- [Task item] Line for line, return the data exactly, omitting all pictures.

- [Information provided]
====

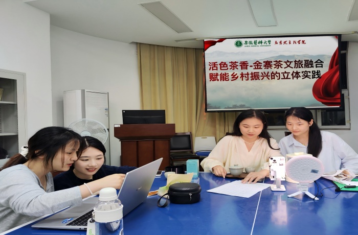 线下答辩环节,两支队伍均聚焦金寨县特色农产品“六安瓜片”,在答辩现场以差异化创意同台竞秀。“活色茶香”团队提出“认养一棵茶树”小程序,巧妙将金寨红色文化底蕴、茶叶生态溯源体系与消费者沉浸式体验深度融合,构建起“文化+产业+消费”的闭环模式,其新颖的思路与扎实的可行性获得专家评委一致认可。“医农健食”团队则另辟蹊径,通过现场复盘完整直播脚本,从选品逻辑、话术设计、互动策略到数据复盘,全方位呈现农产品直播带货的全链路运营方案,清晰展现了营销实践落地的细节与成效。两支队伍的出色表现,生动诠释了我校青年学子扎根乡土、以创新之力赋能乡村振兴的青春担当与实践风采。
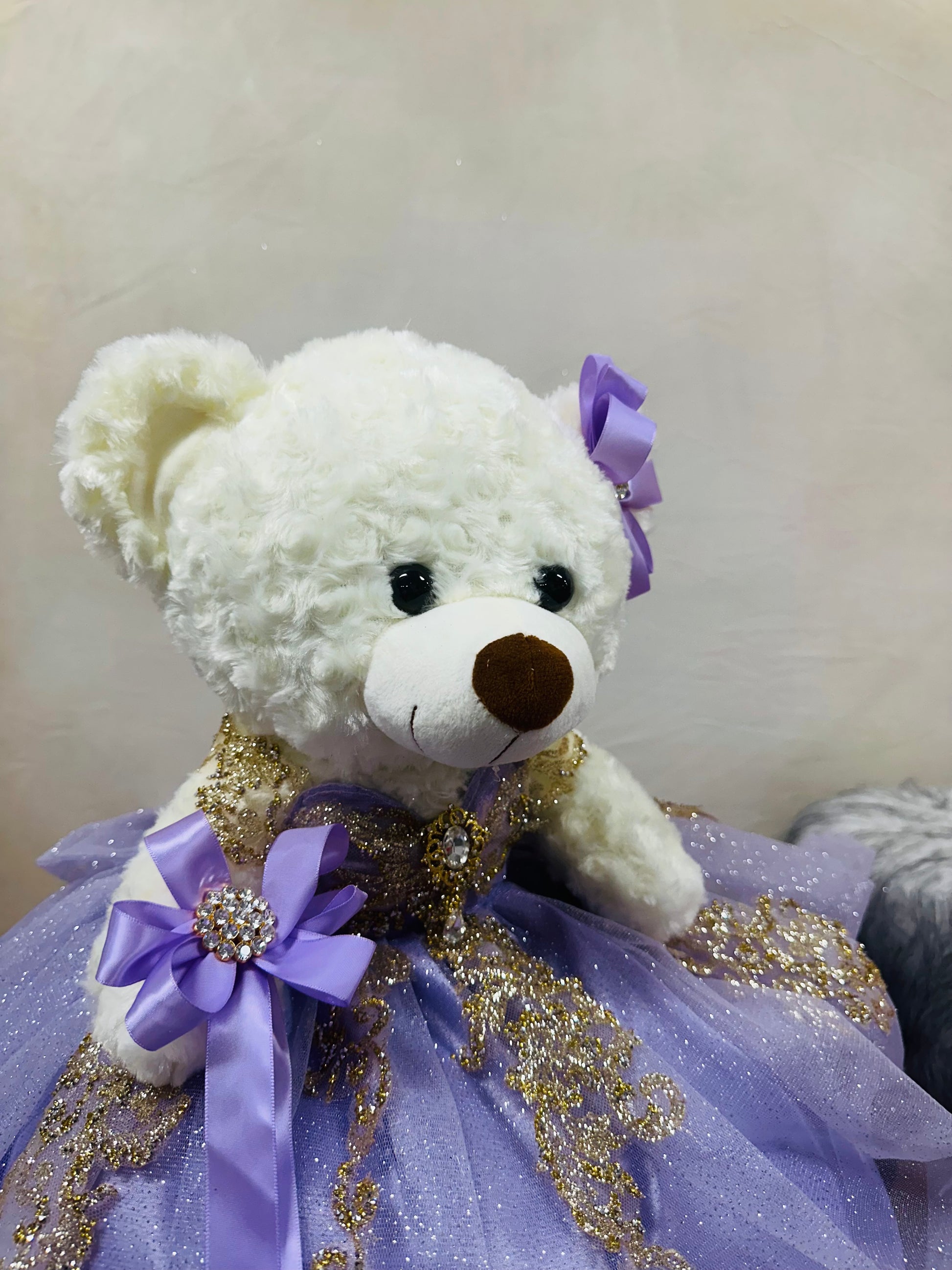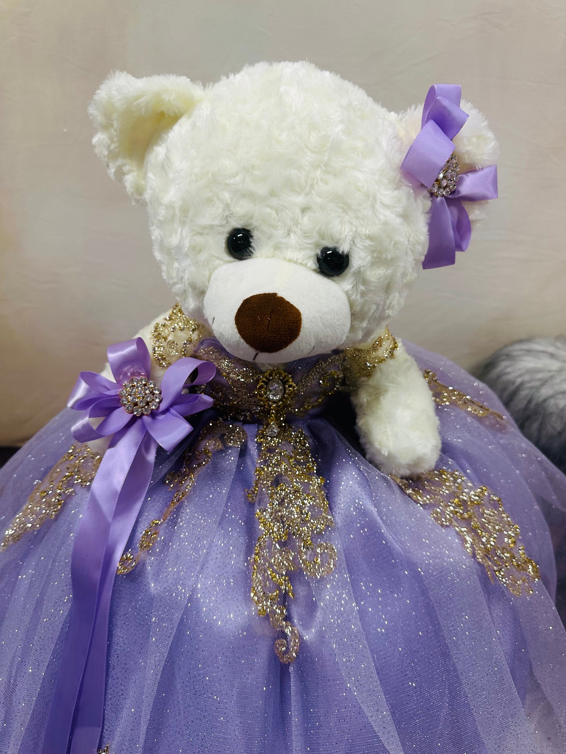 This custom last quinceañera teddy bear is available in any color and perfect for your special celebration. Made from soft and high-quality materials, this 23" bear will make a lasting and meaningful keepsake. Customize it to match your unique quinceañera theme and cherish the memories for years to come.
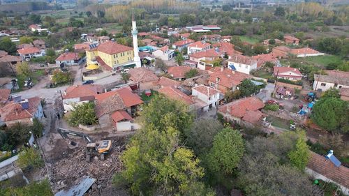 Sındırgı'da deprem sonrası AFAD koordinasyonunda ağır hasarlı konut, iş yeri ve hayvan damlarının kontrollü yıkımı ile moloz temizliği devam ediyor.

====

- [Written answer]
 线下答辩环节,两支队伍均聚焦金寨县特色农产品“六安瓜片”,在答辩现场以差异化创意同台竞秀。“活色茶香”团队提出“认养一棵茶树”小程序,巧妙将金寨红色文化底蕴、茶叶生态溯源体系与消费者沉浸式体验深度融合,构建起“文化+产业+消费”的闭环模式,其新颖的思路与扎实的可行性获得专家评委一致认可。“医农健食”团队则另辟蹊径,通过现场复盘完整直播脚本,从选品逻辑、话术设计、互动策略到数据复盘,全方位呈现农产品直播带货的全链路运营方案,清晰展现了营销实践落地的细节与成效。两支队伍的出色表现,生动诠释了我校青年学子扎根乡土、以创新之力赋能乡村振兴的青春担当与实践风采。
 This custom last quinceañera teddy bear is available in any color and perfect for your special celebration. Made from soft and high-quality materials, this 23" bear will make a lasting and meaningful keepsake. Customize it to match your unique quinceañera theme and cherish the memories for years to come.
 Sındırgı'da deprem sonrası AFAD koordinasyonunda ağır hasarlı konut, iş yeri ve hayvan damlarının kontrollü yıkımı ile moloz temizliği devam ediyor.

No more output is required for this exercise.